Pulling millions of records across a network and loading into another program for processing can simply take too long. Pushing the code to the data and processing it locally is faster and usually an order of magnitude faster.
Modern systems exist to do this very effectively. eg Snowflake and Databricks both allow the running of procedures written in Python to run close to the data. Snowflakes Snowpark and panda allows the local running of code with the pandas code pushes to the data.
Idempotency and Temporal Data
Idempotency is a critical feature in a modern Data Platform. Idempotency is the ability to run processes and guarantee the same results each time. In financial organisations, this can be a legal requirement. Implementation of idempotency is difficult as all or most data will need to be stored temporally, either uni-temporally or bi-temporally. It is very common for developers to under-estimate storing data temporally, especially if bi-temporal data is used.
There and many design patterns available with varying degrees of complexity. The pattern used will vary according to your use-case, your computer power and the required response times.
For slow moving changed, the most common mechanism is to store data uni-temporally with a start date-time and end date-time for each record.
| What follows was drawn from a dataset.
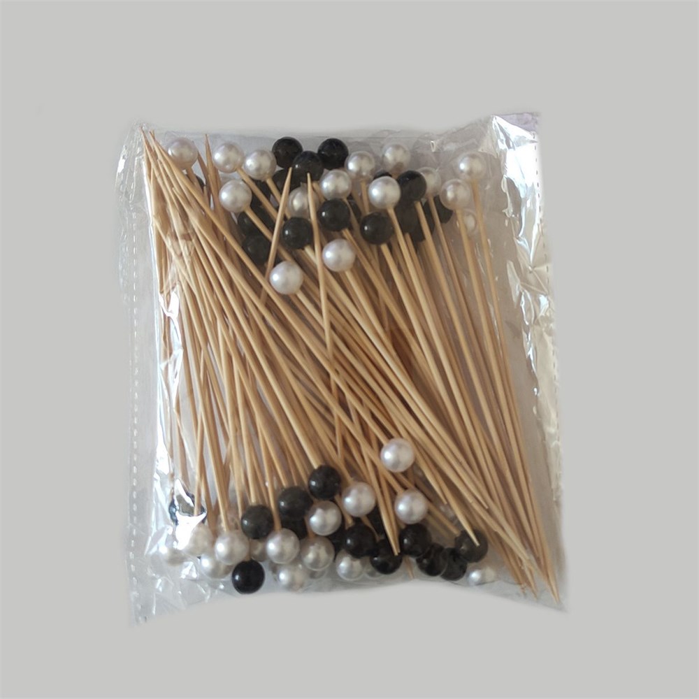 Пика "Черно-Белые шарики" бамбук 100 мм, 100 шт

This works well where the “past” can not the changed. Changing the past becomes complicated, as a correction may cause historic records to be split and new “filler” records to be created. In these cases, storing the data bi-temporally can be an option. It simplifies, the storing of data but complicates the selection of data.
For data changing daily, a common mechanism is to store the data with just a date and to increment a version number each load and time loaded. This mechanism has the advantage of being a bi-temporal store.